Centrale Raad van Beroep
Enkelvoudige kamer
Proces-verbaal van de mondelinge uitspraak op het hoger beroep tegen de uitspraak van de rechtbank Den Haag van 9 oktober 2020, 20/1805 (aangevallen uitspraak)
Partijen:
[appellante] te [woonplaats] (appellante)
het college van burgemeester en wethouders van Den Haag (college)
Datum uitspraak: 8 februari 2022
Zitting heeft: M. Hillen, lid van de enkelvoudige kamer
Griffier: B. Beerens
Ter zitting is appellante verschenen, bijgestaan door mr. F. Ayar, advocaat. Als tolk is verschenen A. Khabote. Het college heeft zich niet laten vertegenwoordigen.

BESLISSING

De Centrale Raad van Beroep bevestigt de aangevallen uitspraak.
Deze beslissing is uitgesproken in het openbaar.
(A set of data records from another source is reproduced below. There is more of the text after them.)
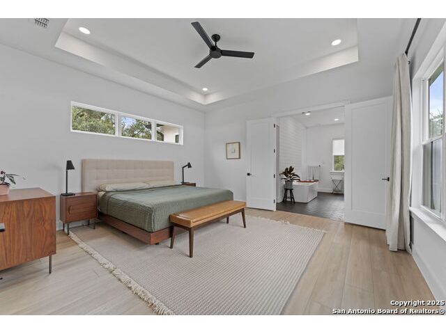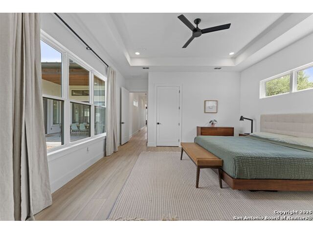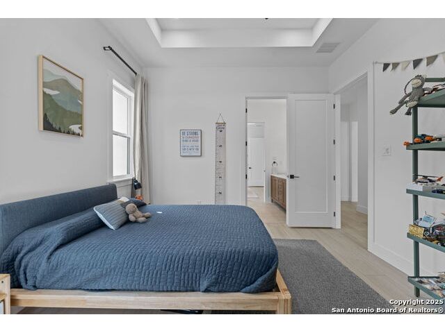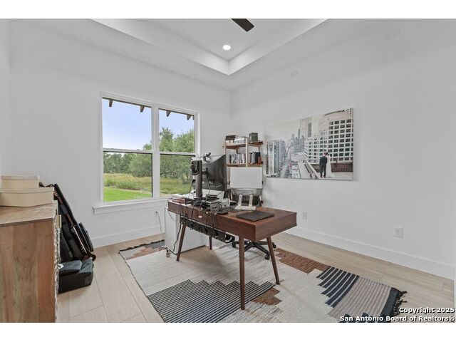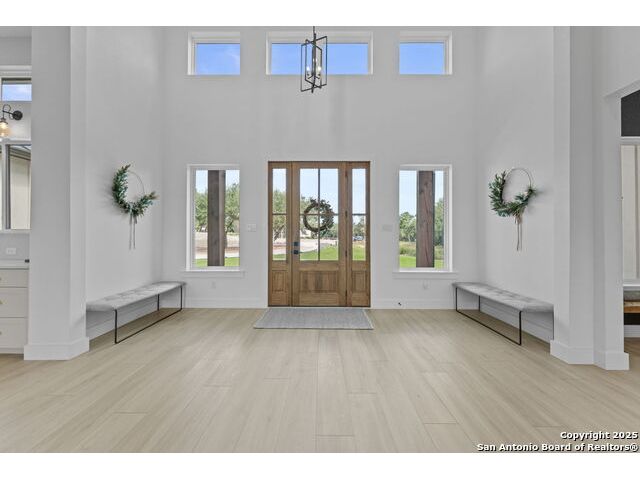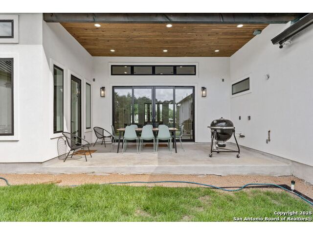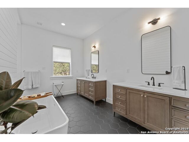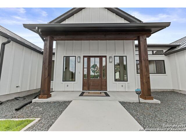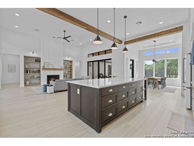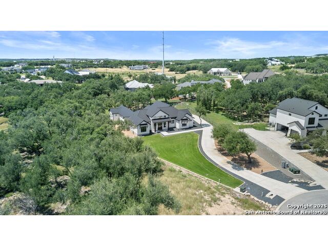 Tucked away at the end of a quiet cul-de-sac in the master-planned Belle Oaks community, this custom-built, single-story home by award-winning Bourn Homes offers a refined take on modern Hill Country living. From the moment you enter, soaring ceilings and natural light create a sense of space and calm, balanced by curated finishes and thoughtful touches throughout. Inside, you'll find a calm, elevated aesthetic - from a chef-worthy kitchen with custom cabinetry to cozy living spaces, ideal for entertaining, unwinding, or simply enjoying a slower pace. The expansive primary suite offers a serene escape with a spa-inspired bath with a freestanding tub and dual walk-in showers. Each bedroom feels like a retreat with walk-in closets, high tray ceilings, and wired for today's tech. Beyond the walls, the home is built for both now and what's next: Pool-ready utilities and a patio prepped for your dream outdoor kitchen. Finished garage with epoxy floors, metal roof, and conditioned attic. This home was built to perform! With resort-style amenities like pickleball courts, pool and other outdoor activities, highly rated schools, and easy access to San Antonio and Hill Country destinations, this home isn't just beautifully built - it's beautifully located!
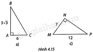 Tính số đo các góc nhọn của các tam giác vuông ở Hình 4.15. Làm tròn số đo góc đến độ.
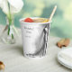Romantische Bridal Sketch Wedding Tasse - Eleganter französisch Inspiriert Keepake Fügen Sie Ihren Hochzeitsaufenthalten eine Touch Eleganz hinzu. Dieser stilvolle Papiertasse mit einem zarten Bleistift zeichne auf einem Mannequin ein Brautkleid, ein Vintages Bouquet in der Nähe und eine weiche, rosa Duftflasche als einziges farbiges Detail. Ideal für schicke Brautpartys, Proben oder Hochzeitsfeiern mit einem romantischen Schwarz-Weiß-Thema. Anpassbar mit Namen und Datum des Paares.
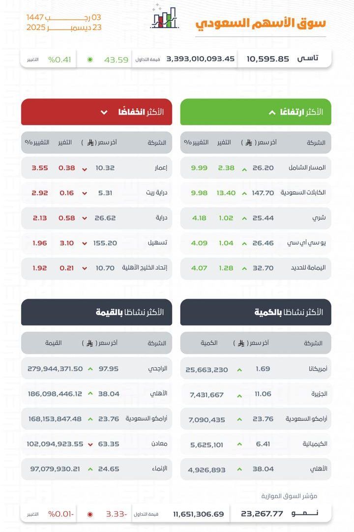 أغلق مؤشر الأسهم السعودية الرئيس اليوم مرتفعًا بمقدار (43.59) نقطة، ليصل إلى مستوى (10595.85) نقطة، وبتداولات بلغت قيمتها (3.3) مليارات ريال.
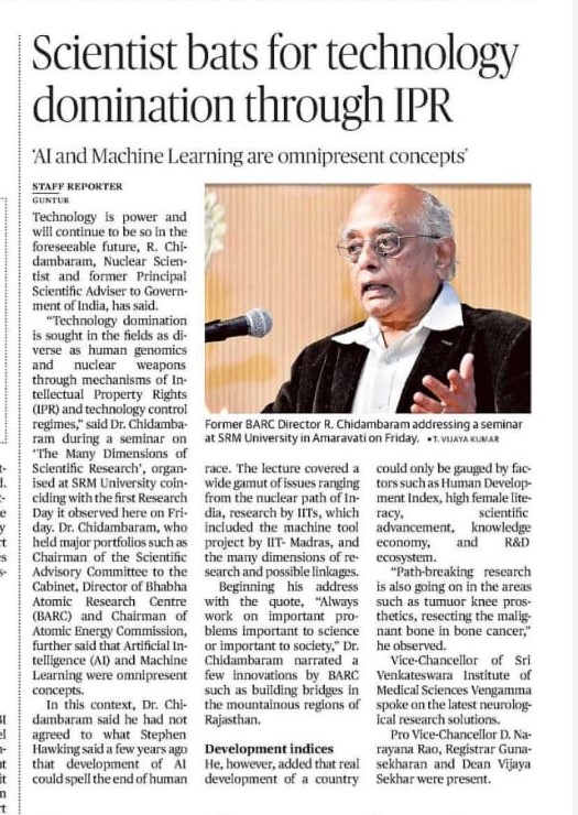 “Technology domination is sought in the fields as diverse as human genomics and nuclear weapons through mechanisms of Intellectual Property Rights (IPR) and technology control regimes,” said Dr. Chidambaram during a seminar on ‘The Many Dimensions of Scientific Research’, organised at SRM University coinciding with the first Research Day it observed here on Friday. Dr. Chidambaram, who held major portfolios such as Chairman of the Scientific Advisory Committee to the Cabinet, Director of Bhabha Atomic Research Centre (BARC) and Chairman of Atomic Energy Commission, further said that Artificial Intelligence (AI) and Machine Learning were omnipresent concepts.
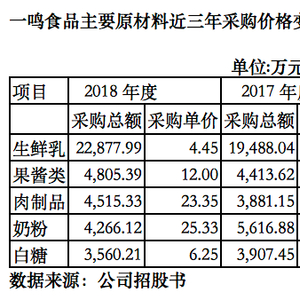 报告期内,白砂糖的采购单价分别为6.34元/千克、7.15元/千克以及6.25元/千克,而果酱类原材料采购单价分别为11.03元/千克、13.46元/千克以及12.00元/千克,在2017年,原材料价格普遍上涨。而一鸣食品倚重单一品牌和主力产品的特点,加剧了对于原材料市场价格变动的敏感程度。

Zij is gebaseerd op de volgende overwegingen.
Bij besluit van 8 augustus 2019, na bezwaar gehandhaafd bij besluit van 28 januari 2020 (bestreden besluit), heeft het college de bijstand van appellante met ingang van
6 mei 2019 ingetrokken en de bijstand over de periode van 6 mei 2019 tot en met 31 juli 2019 teruggevorderd tot een bedrag van € 2.399,21. Aan het bestreden besluit ligt ten grondslag dat appellante meer uren heeft gewerkt bij Grillroom X (grillroom) dan dat zij heeft opgegeven. Door geen duidelijkheid te verschaffen over de feitelijke omvang van de werkzaamheden kan het college het recht op bijstand niet vaststellen.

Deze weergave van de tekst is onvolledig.